49 BEVERLEY ST.

Friday, March 4, 2022 5:38 PM

Where sleeping car porters stayed


Gil Carty remembers his great aunt Jean McKenzie, who immigrated from Jamaica in the 1920s, saved her money and bought a house downtown.


Aunt Jean’s portrait


When I was little, I was intimidated by my Great Aunt Jean McKenzie! She seemed so big. She was experienced with kids – she had been a nanny to Eaton family children – and got a charge out of scaring me. When I called her a giant, she’d take a few steps toward me, threaten to bite my head off and send me scurrying.

She really was a giant in terms of her accomplishments as a Jamaican immigrant to Toronto in the 1920s. By the early 1940s, she had saved enough to buy a large house at 49 Beverley St. She turned it into accommodation for sleeping car porters and others. The multi-talented celebrity Paul Robeson stayed there; he couldn’t get a hotel room because of the racial climate at the time. The porters probably directed him to my aunt’s.

The place was always busy. Our family, which then included cousins and grandfather, lived on one floor in the 1950s. My parents stayed there while they saved to buy their Scarborough home. My mother was a seamstress in the garment district; my father, a porter.

They had met at my aunt’s house, where my mother came to stay after leaving Jamaica at 18. My father, from New Brunswick, had left the air force and was living around the corner at University Settlement House. I was born in 1950.

I have some vivid memories of life at my aunt’s. I used to share my mother’s bed because my father was on the trains. Once, I awoke, mistook clothes on the bedpost for a man and alerted my mother. She screamed, and my grandfather came running. After that, I never slept in her bed again.

One Sunday morning in 1955, I awoke to smell smoke from the smoldering ruins of St. George the Martyr, a Black church in downtown. It had caught fire during the night.

I also remember chicken feet hanging in the back shed. My aunt made soup out of them, but they gave me the creeps.

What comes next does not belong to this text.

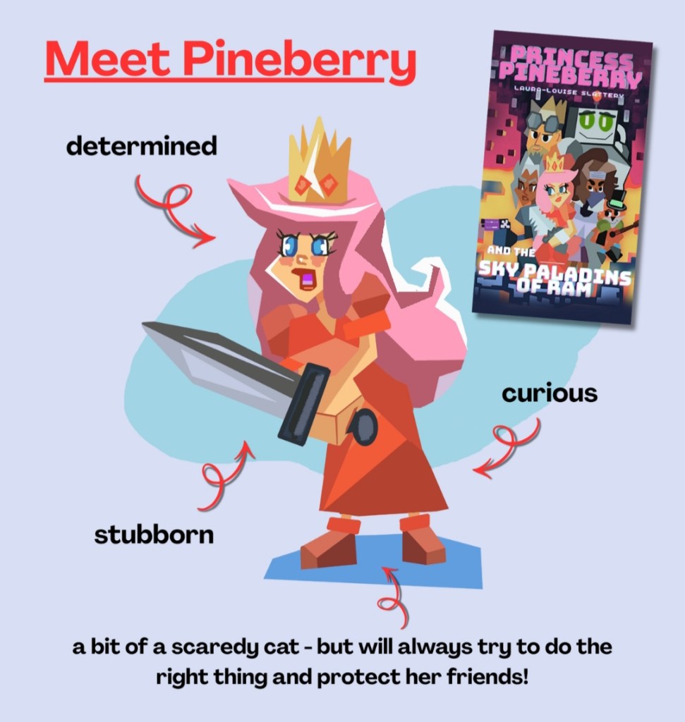 The novel’s heroine is Princess Pineberry, a video game NPC sprite from a fantasy role-playing game, who is sick and tired of being the fragile damsel in distress, always getting kidnapped and always being rescued by the hero. So she embarks on an epic adventure of her own, alongside a crew of renegade video game sprites who call themselves ‘sky paladins’. The princess intends to discover what lies outside of her video game world, as well as learning about friendship, and what it means to live on her own terms. Pineberry wishes for nothing more than to fight her own battles, and explore the world outside of her beloved Mooncake

My aunt was a generous, considerate woman. Preparing to return to Jamaica in the early 1970s, she sold her house and left money to a loyal Hungarian tenant, who had lived in her house for many years. She wanted to make sure he would be all right.

Wedding portrait of Gil’s parents


Portrait of Gil holding a painting of a house resembling his great aunt’s house and holding Jean’s portrait.